SUPPLIED INFORMATION:
[Start of section]

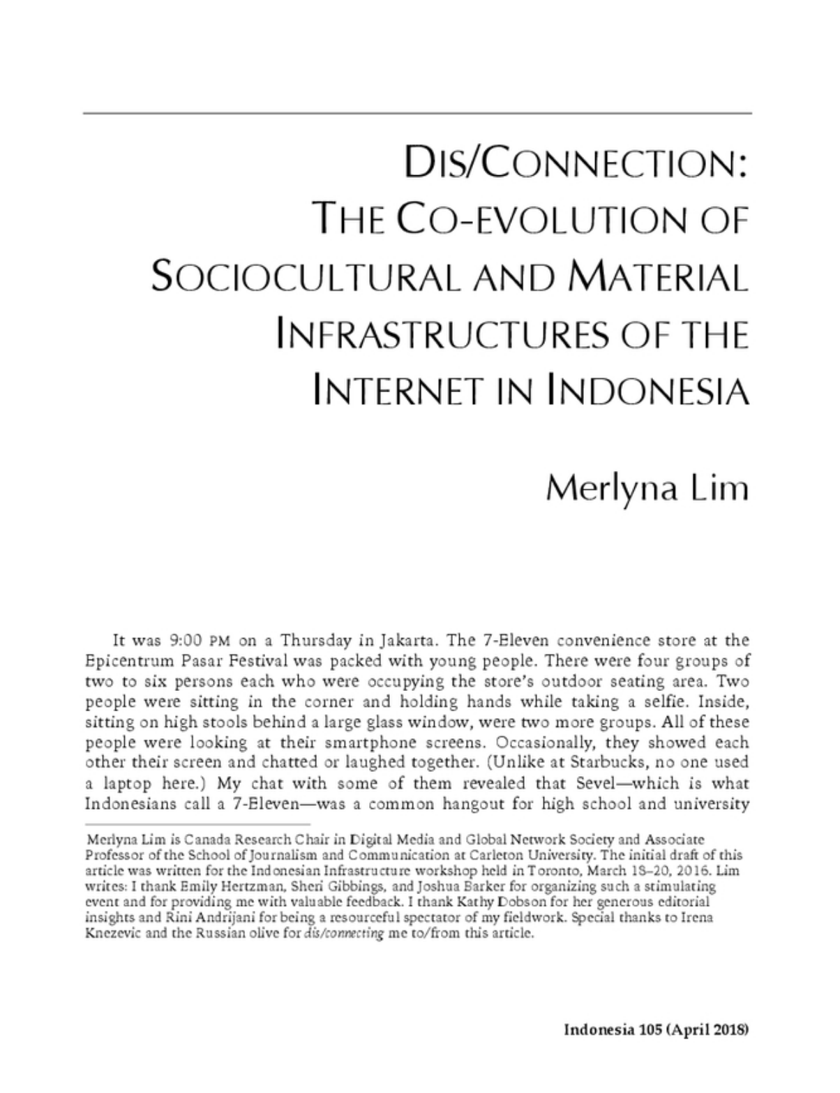 Merlyna Lim just gets another publication out. Titled “Dis/Connection: The Co-Evolution of Sociocultural and Material Infrastructures of the Internet in Indonesia“, her latest article is part of the special issue #105 of Indonesia (published by Cornell University’s Southeast Asia Program) on “Infrastructures”.
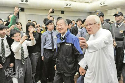 身穿藍(lán)色外套、系上母校領(lǐng)帶的高錕,7日出席母校圣若瑟書(shū)院成立135周年開(kāi)放日開(kāi)幕典禮。精神飽滿(mǎn)的高錕在全場(chǎng)熱烈掌聲下,由校監(jiān)湯瑪士修士陪同進(jìn)入禮堂,太太黃美蕓則拉著高錕的外套,緊隨其后進(jìn)場(chǎng)。
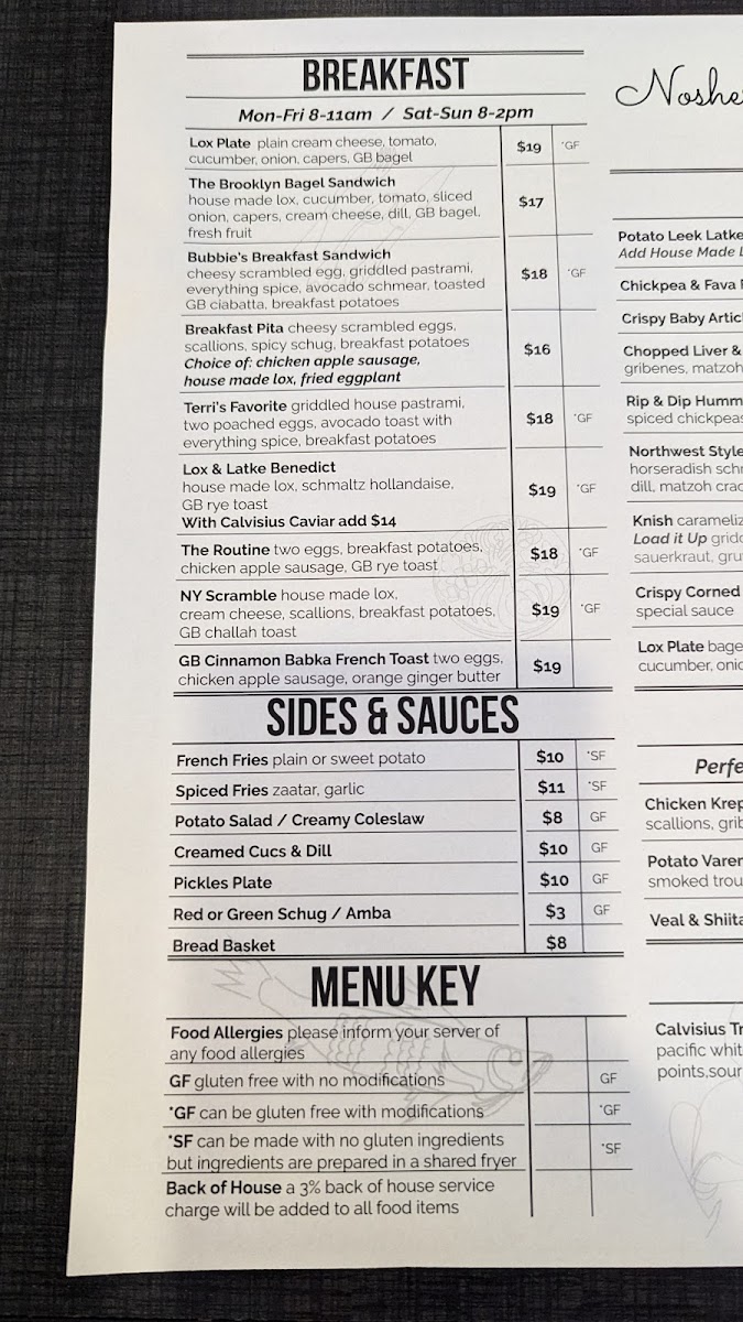 Your journey begins with an enticing menu that proudly showcases comfort food classics, highlighted by their dumplings such as the succulent Chicken Kreplach with soy butter, scallions, and gribenes for just $17.00, and the heartwarming Potato Vareniki, elegantly drizzled with lemon brown butter and topped with smoked trout roe, also priced at $17.00. These dishes invite you to indulge in velvety textures and popping flavors that sing of tradition.

[End of section]

YOUR INSTRUCTIONS:
The answer must be the whole listing, word for word, with no pictures in it. Please write it out.

ANSWER:
 Merlyna Lim just gets another publication out. Titled “Dis/Connection: The Co-Evolution of Sociocultural and Material Infrastructures of the Internet in Indonesia“, her latest article is part of the special issue #105 of Indonesia (published by Cornell University’s Southeast Asia Program) on “Infrastructures”.
 身穿藍(lán)色外套、系上母校領(lǐng)帶的高錕,7日出席母校圣若瑟書(shū)院成立135周年開(kāi)放日開(kāi)幕典禮。精神飽滿(mǎn)的高錕在全場(chǎng)熱烈掌聲下,由校監(jiān)湯瑪士修士陪同進(jìn)入禮堂,太太黃美蕓則拉著高錕的外套,緊隨其后進(jìn)場(chǎng)。
 Your journey begins with an enticing menu that proudly showcases comfort food classics, highlighted by their dumplings such as the succulent Chicken Kreplach with soy butter, scallions, and gribenes for just $17.00, and the heartwarming Potato Vareniki, elegantly drizzled with lemon brown butter and topped with smoked trout roe, also priced at $17.00. These dishes invite you to indulge in velvety textures and popping flavors that sing of tradition.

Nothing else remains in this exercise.